Restate the data exactly, with nothing altered.

[Collected data entries]
=-=-=
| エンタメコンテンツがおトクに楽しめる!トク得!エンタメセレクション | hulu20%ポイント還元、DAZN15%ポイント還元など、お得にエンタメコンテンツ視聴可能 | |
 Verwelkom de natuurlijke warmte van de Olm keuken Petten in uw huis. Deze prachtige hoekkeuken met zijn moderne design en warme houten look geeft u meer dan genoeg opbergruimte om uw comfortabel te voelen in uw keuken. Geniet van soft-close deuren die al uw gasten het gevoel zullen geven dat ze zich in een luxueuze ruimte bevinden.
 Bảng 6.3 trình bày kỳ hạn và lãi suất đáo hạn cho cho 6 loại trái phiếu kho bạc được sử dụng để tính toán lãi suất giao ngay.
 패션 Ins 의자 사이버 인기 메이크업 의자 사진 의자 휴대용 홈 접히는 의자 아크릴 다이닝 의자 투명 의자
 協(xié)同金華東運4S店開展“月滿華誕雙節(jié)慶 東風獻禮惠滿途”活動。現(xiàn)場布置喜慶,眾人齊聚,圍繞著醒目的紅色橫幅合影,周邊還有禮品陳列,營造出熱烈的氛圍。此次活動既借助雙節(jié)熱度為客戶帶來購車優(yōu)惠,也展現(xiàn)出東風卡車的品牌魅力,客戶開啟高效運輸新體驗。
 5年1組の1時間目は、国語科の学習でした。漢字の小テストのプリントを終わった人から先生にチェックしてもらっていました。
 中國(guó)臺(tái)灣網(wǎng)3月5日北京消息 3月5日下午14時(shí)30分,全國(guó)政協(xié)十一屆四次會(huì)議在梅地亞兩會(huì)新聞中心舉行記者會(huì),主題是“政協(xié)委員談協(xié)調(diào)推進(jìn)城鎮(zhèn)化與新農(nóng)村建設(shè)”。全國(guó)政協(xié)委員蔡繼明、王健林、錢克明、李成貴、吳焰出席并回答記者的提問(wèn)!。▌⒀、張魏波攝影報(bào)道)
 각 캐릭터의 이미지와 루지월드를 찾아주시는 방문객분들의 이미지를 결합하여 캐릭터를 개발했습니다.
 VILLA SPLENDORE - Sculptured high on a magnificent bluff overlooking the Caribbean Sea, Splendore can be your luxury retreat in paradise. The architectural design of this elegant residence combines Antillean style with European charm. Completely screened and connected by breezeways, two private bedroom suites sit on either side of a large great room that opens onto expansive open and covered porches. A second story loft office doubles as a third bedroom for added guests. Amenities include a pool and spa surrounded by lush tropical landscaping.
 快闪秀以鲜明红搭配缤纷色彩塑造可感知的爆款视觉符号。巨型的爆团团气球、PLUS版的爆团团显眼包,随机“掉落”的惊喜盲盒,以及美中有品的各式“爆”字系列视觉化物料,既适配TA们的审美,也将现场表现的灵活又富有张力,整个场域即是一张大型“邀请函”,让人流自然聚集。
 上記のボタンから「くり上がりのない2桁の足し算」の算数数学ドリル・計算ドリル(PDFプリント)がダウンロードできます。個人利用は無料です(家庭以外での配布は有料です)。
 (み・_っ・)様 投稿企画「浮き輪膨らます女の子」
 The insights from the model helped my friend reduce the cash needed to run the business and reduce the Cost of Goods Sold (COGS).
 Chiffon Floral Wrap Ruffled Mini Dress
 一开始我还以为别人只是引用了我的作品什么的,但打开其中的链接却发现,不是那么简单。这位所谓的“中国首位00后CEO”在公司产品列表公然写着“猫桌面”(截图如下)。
=-=-=
## [TASK SOLUTION]
| エンタメコンテンツがおトクに楽しめる!トク得!エンタメセレクション | hulu20%ポイント還元、DAZN15%ポイント還元など、お得にエンタメコンテンツ視聴可能 | |
 Verwelkom de natuurlijke warmte van de Olm keuken Petten in uw huis. Deze prachtige hoekkeuken met zijn moderne design en warme houten look geeft u meer dan genoeg opbergruimte om uw comfortabel te voelen in uw keuken. Geniet van soft-close deuren die al uw gasten het gevoel zullen geven dat ze zich in een luxueuze ruimte bevinden.
 Bảng 6.3 trình bày kỳ hạn và lãi suất đáo hạn cho cho 6 loại trái phiếu kho bạc được sử dụng để tính toán lãi suất giao ngay.
 패션 Ins 의자 사이버 인기 메이크업 의자 사진 의자 휴대용 홈 접히는 의자 아크릴 다이닝 의자 투명 의자
 協(xié)同金華東運4S店開展“月滿華誕雙節(jié)慶 東風獻禮惠滿途”活動。現(xiàn)場布置喜慶,眾人齊聚,圍繞著醒目的紅色橫幅合影,周邊還有禮品陳列,營造出熱烈的氛圍。此次活動既借助雙節(jié)熱度為客戶帶來購車優(yōu)惠,也展現(xiàn)出東風卡車的品牌魅力,客戶開啟高效運輸新體驗。
 5年1組の1時間目は、国語科の学習でした。漢字の小テストのプリントを終わった人から先生にチェックしてもらっていました。
 中國(guó)臺(tái)灣網(wǎng)3月5日北京消息 3月5日下午14時(shí)30分,全國(guó)政協(xié)十一屆四次會(huì)議在梅地亞兩會(huì)新聞中心舉行記者會(huì),主題是“政協(xié)委員談協(xié)調(diào)推進(jìn)城鎮(zhèn)化與新農(nóng)村建設(shè)”。全國(guó)政協(xié)委員蔡繼明、王健林、錢克明、李成貴、吳焰出席并回答記者的提問(wèn)!。▌⒀、張魏波攝影報(bào)道)
 각 캐릭터의 이미지와 루지월드를 찾아주시는 방문객분들의 이미지를 결합하여 캐릭터를 개발했습니다.
 VILLA SPLENDORE - Sculptured high on a magnificent bluff overlooking the Caribbean Sea, Splendore can be your luxury retreat in paradise. The architectural design of this elegant residence combines Antillean style with European charm. Completely screened and connected by breezeways, two private bedroom suites sit on either side of a large great room that opens onto expansive open and covered porches. A second story loft office doubles as a third bedroom for added guests. Amenities include a pool and spa surrounded by lush tropical landscaping.
 快闪秀以鲜明红搭配缤纷色彩塑造可感知的爆款视觉符号。巨型的爆团团气球、PLUS版的爆团团显眼包,随机“掉落”的惊喜盲盒,以及美中有品的各式“爆”字系列视觉化物料,既适配TA们的审美,也将现场表现的灵活又富有张力,整个场域即是一张大型“邀请函”,让人流自然聚集。
 上記のボタンから「くり上がりのない2桁の足し算」の算数数学ドリル・計算ドリル(PDFプリント)がダウンロードできます。個人利用は無料です(家庭以外での配布は有料です)。
 (み・_っ・)様 投稿企画「浮き輪膨らます女の子」
 The insights from the model helped my friend reduce the cash needed to run the business and reduce the Cost of Goods Sold (COGS).
 Chiffon Floral Wrap Ruffled Mini Dress
 一开始我还以为别人只是引用了我的作品什么的,但打开其中的链接却发现,不是那么简单。这位所谓的“中国首位00后CEO”在公司产品列表公然写着“猫桌面”(截图如下)。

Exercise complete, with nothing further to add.